By Kay Johnson and Matthew Tostevin

BANGKOK (Reuters) – A U.S.-funded project using satellites to track and publish water levels at Chinese dams on the Mekong river was launched on Monday, adding to the superpowers’ rivalry in Southeast Asia.

The 4,350-km (2,700-mile) waterway – known as the Lancang in China and flowing south through Myanmar, Laos, Thailand, Cambodia and Vietnam – has become a focus of competition.

Beijing has dismissed U.S. research saying Chinese dams have retained water to the detriment of downstream nations, where 60 million people depend on the river for fishing and farming.

The Mekong Dam Monitor, part-funded by the State Department, uses data from cloud-piercing satellites to track levels of dams in China and other countries.

The information will be open for everyone in near real-time.

A separate indicator of “surface wetness” is to show which parts of the region are wetter or drier than usual: a guide to how much natural flows are being affected by the dams.

“The monitor provides evidence that China’s 11 mainstream dams are sophisticatedly orchestrated and operated in a way to maximize the production of hydropower for sale to China’s eastern provinces with zero consideration given to downstream impacts,” said Brian Eyler of the Washington-based Stimson Center, a global think tank which operates the virtual water gauges.


China has been critical of past research, including a study by Eyes on Earth – part of the Mekong Dam Monitor project – which said water had been held back in 2019 as other countries suffered severe drought.

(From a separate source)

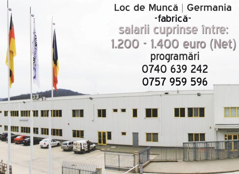 - Oferta de munca in fabricile de ambalat cabluri auto si de calculator, in Germania. Se accepta cupluri sau grupuri de persoane. Salariul 1400 euro/luna, cazarea si o masa/zi este asigurata de catre angajatori. Pentru mai multe informatii si inscrieri va asteptam de luni pana vineri, orele 9:00-17:00

“The United States has been unable to provide good evidence throughout,” the state-backed China Renewable Energy Engineering Institute said in a Dec. 4 report.

“The positive benefits of upstream Lancang river hydropower on downstream Mekong neighbours are clear and obvious,” it said, adding that water stored in reservoirs during the flood season helped prevent both downstream floods and droughts.

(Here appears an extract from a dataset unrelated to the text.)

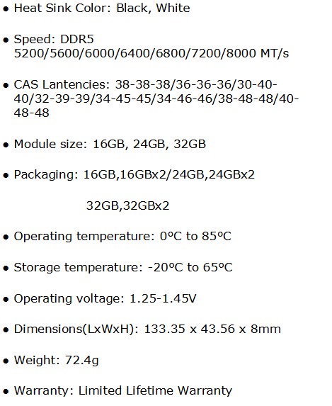 ADATA XPG Lancer RGB DDR5-6400Mhz 32GB*2 CL32 Black 記憶體(AX5U6400C3232G-DCLARBK)

China agreed earlier this year to share water data with the Mekong River Commission (MRC) – an advisory body to Thailand, Laos, Cambodia and Vietnam that had long sought the information for better planning.

China and the United States have rival bodies working with Mekong countries: the Beijing-based Lancang-Mekong Cooperation and the Mekong-U.S. Partnership.

The two nations are also at odds in the South China Sea, where Washington challenges Beijing’s claim to most of the waterway, a major conduit for trade that is also rich in energy resources.